C. Tree-wide Customization without Global Rebuilds
Downstream users can safely swap out compilers or flags inside finalPkgs without accidentally mutating the underlying fetching or building framework mechanics, enabling clean ecosystem testing.
5. Community Proofs of Concept: dream2nix, devenv, flake-parts
Because modifying the main Nixpkgs repository requires navigating massive legacy compatibility constraints, developers have built greenfield projects to prove that your proposed layout works flawlessly at scale.
dream2nix:
This project completely reimagines packaging by turning builders (buildGoModule, buildRustPackage) into modular, discrete plug-ins.

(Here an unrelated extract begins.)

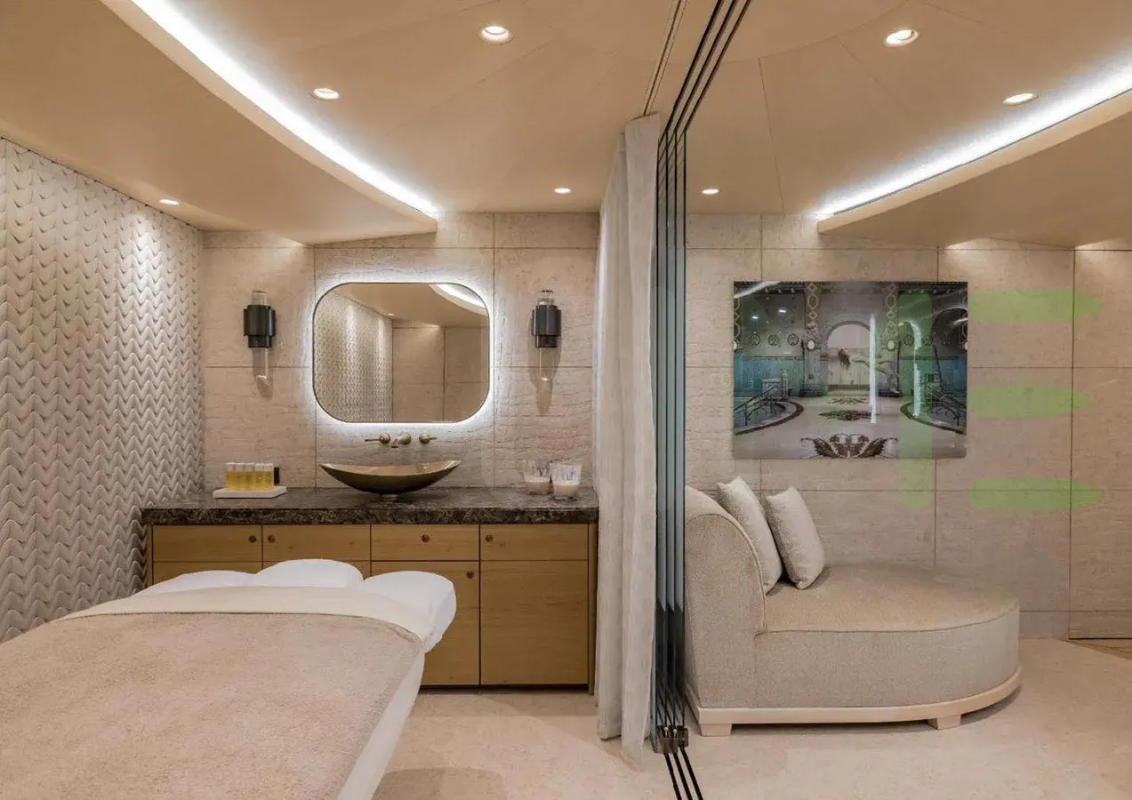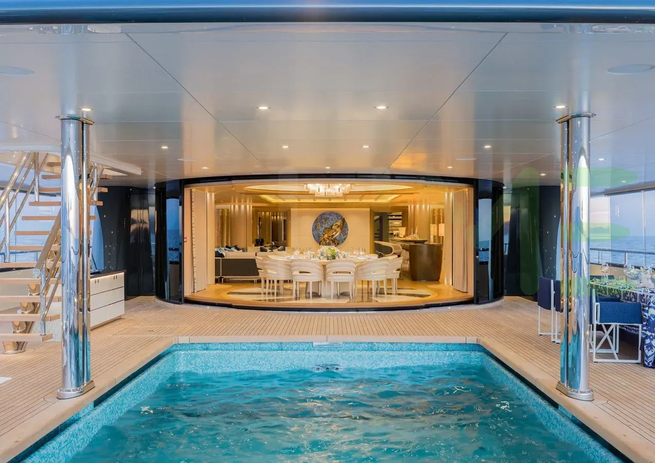 Her features include piano, spa, beauty salon, satellite communications, underwater lights, beach club, gym, deck jacuzzi, WiFi and air conditioning.

It handles package constraints almost exactly like this PkgsLib pipeline: it passes an instantiated pkgs attribute set downstream into structural module blueprints.
devenv and flake-parts
These systems heavily rely on specialArgs and deferred module functions to safely pass things like the system tuple (x86_64-linux) or pkgs downstream only when needed.
6. Drawbacks and Implementation Challenges
- Refactoring Effort: Transitioning the entire Nixpkgs tree away from
pkgs.buildGoModuleto a decoupled structure represents a colossal breaking change. - Compatibility Layer Required: A backwards-compatible shim would be mandatory, mapping
pkgs.buildGoModuleback topkgsLib.buildGoModuleso that existing user expressions do not break. - Evaluation Performance Tuning: While lazy evaluation is protected, managing large-scale fixpoint injection across 80,000+ packages would have to be benchmarked to ensure the Nix evaluator does not suffer from excessive memory overhead.